A condensed version of the wasm semantics was presented in a 2017 PLDI paper written by Andreas Hass and co-authors.
(the current semantics of the full language is available at the WebAssembly spec website)
In this blog post, I'm going to share some work I've done to make an executable version of the operational semantics from the 2017 paper. In the process, I'll try to explain a few of the interesting design choices of wasm via the semantics.
A good thing about operational semantics is that they are relatively easy to understand and can be easily converted into an executable form.
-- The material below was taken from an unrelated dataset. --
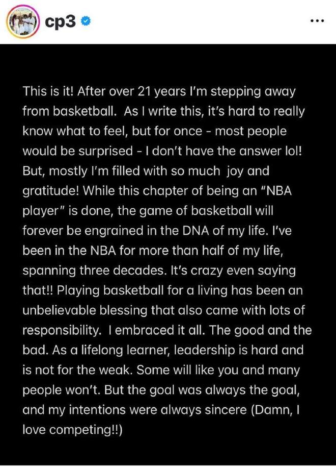 就這樣,在經(jīng)歷超過21年NBA生涯后,我將告別籃球生涯。當(dāng)我寫下這些文字,我確實很難真正去體會內(nèi)心情感,但這一次大多數(shù)人可能會感到驚訝,對此我并沒有答案。

You can think of them as basically an interpreter for your programming language that is specified precisely using mathematical relations defined over a formal grammar.
Specifying a language in this way is helpful for proving various properties about your language. It's also an implementation independent way to understand how programs will evaluate, which you can use to validate a production implementation.
Because of the way that operational semantics resemble interpreters, you can construct executable operational semantics using domain specific modeling languages designed for that purpose (Redex, K, etc).
(Note: wasm already comes with a reference interpreter written in OCaml, but it's not using a modeling language in the sense described here)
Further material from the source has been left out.